Lozan, Türkiye’yi Batı kapitalizminin ucuz işgücü deposu ve piyasa alanına entegre ederken, Kürt halkının, Alevilerin inkârını, gayrimüslim halkalara yönelik soykırımların üzerini örtmeyi devletin kurucu politikası haline getirmiştir. Cumhuriyetin kuruluşundan bu yana, Dersim Katliamı, 6-7 Eylül pogromları ve sayısız faili meçhul, bu inkârın kanlı yüzünü ortaya koymuştur. TKP’nin Lozan’ı “cumhuriyetçi birikim” olarak savunması, bu tarihsel suçları meşrulaştırma çabasıdır.
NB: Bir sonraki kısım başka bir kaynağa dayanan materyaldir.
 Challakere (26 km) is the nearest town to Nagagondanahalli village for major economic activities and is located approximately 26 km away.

Kürdistan halkının mücadelesi ve emekçi halkların dayanışması
Kürdistan halkının mücadelesi, Türkiye’nin modern tarihinde derin bir direniş geleneği olarak şekillenmiştir. Sistemli inkâr, asimilasyon ve katliam politikalarına rağmen, Kürt halkı dilini, kültürünü ve kimliğini koruma mücadelesini çok ağır bedeller ödeyerek sürdürmüştür. Bu mücadele, yalnızca ulusal talepleri değil, aynı zamanda Türkiye’nin diğer emekçi halklarıyla birleşerek demokrasi taleplerini de yükseltmiş, eşitlik ve özgürlük arayışında ortak bir zemin yaratmıştır. 1980’lerden itibaren toplumsal hareketlerle bütünleşen bu direniş, devletin otoriter yapısına karşı bir alternatif inşa etme çabasını güçlendirmiştir. Kürt halkı, Türkiye’nin emekçi sınıflarıyla dayanışarak, sınıf mücadelesinin ulusal baskıdan arınmış bir zeminde ilerlemesinde aktif rol oynamış ve katkı sağlamıştır.
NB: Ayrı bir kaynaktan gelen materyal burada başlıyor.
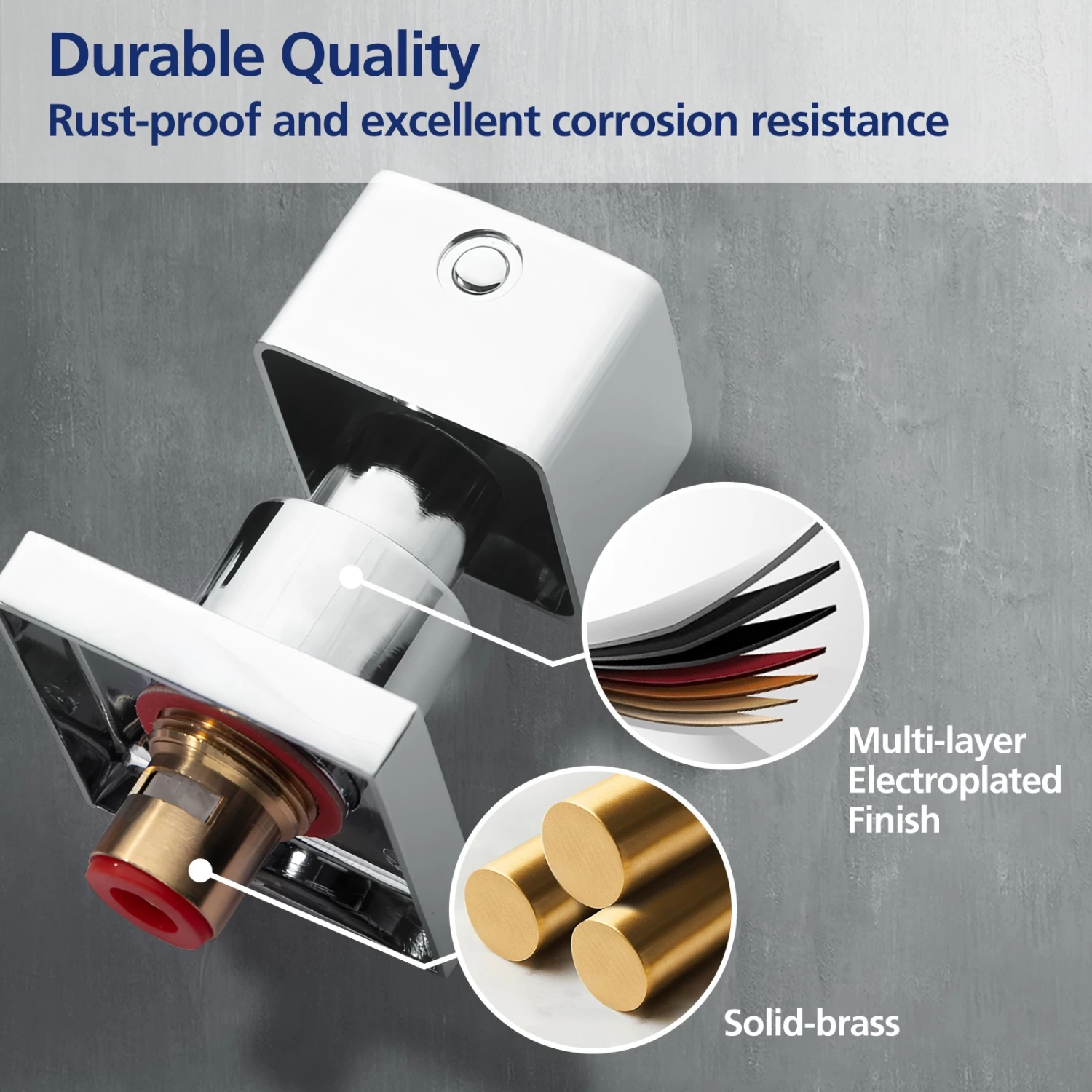 Effortlessly stylish and exceptionally functional, these chrome plated solid brass tap fittings are sure to impress. With a contemporary square shape that is elegant and refined, these taps feature a practical 1/4 turn and a polished finish to ensure that your bathroom brings you peace of mind. Wall mountable and suitable for bath, shower and basin mixer faucets, they meet all Australian Standards.

TKP’nin şovenizmi ve Kemal Okuyan’ın Kemalist duruşu
TKP’nin şovenizmi, bu tarihsel gerçekliği görmezden gelerek daha da belirginleşiyor. Parti, bildiriye imza atan bazı Kürt kökenli isimler—örneğin, geçmişte devlet politikalarına yakın durmuş figürler—ile çelişkisini gizlemeye çalışıyor. Ancak bu, TKP’nin Türk şovenizmini pekiştiren tutumunu örtmüyor. Kemal Okuyan’ın Osmanlı’dan Cumhuriyete geçişi işaret ederek kullandığı “Atatürk’ün önünde eğiliyorum” ifadesi, partinin Kemalizme olan ideolojik bağlılığını açıkça ortaya koymaktadır. Bu söz, Cumhuriyetin kurucu önderlerinden biri olarak Atatürk’ü yüceltirken, soykırıma uğrayan, yok sayılan halkları ve inançları yok sayıyor. Örneğin, Okuyan, Atatürk’le birlikte mücadele eden, ancak inkâr ve katliamlarla susturulan Kürtlerin önünde de eğiliyor mu? TKP’nin bu soruya yanıt vermesi gerekiyor. Cumhuriyetin kuruluşundan bu yana inkâr edilen, katledilen ve yok sayılan halklar—Kürtler, Ermeniler, Rumlar, Yahudiler, Süryaniler ve Aleviler—bu politikanın mağdurlarıdır. TKP’nin bu mirası savunması, devrimci bir duruşu değil, burjuva milliyetçiliğini yansıtmaktadır.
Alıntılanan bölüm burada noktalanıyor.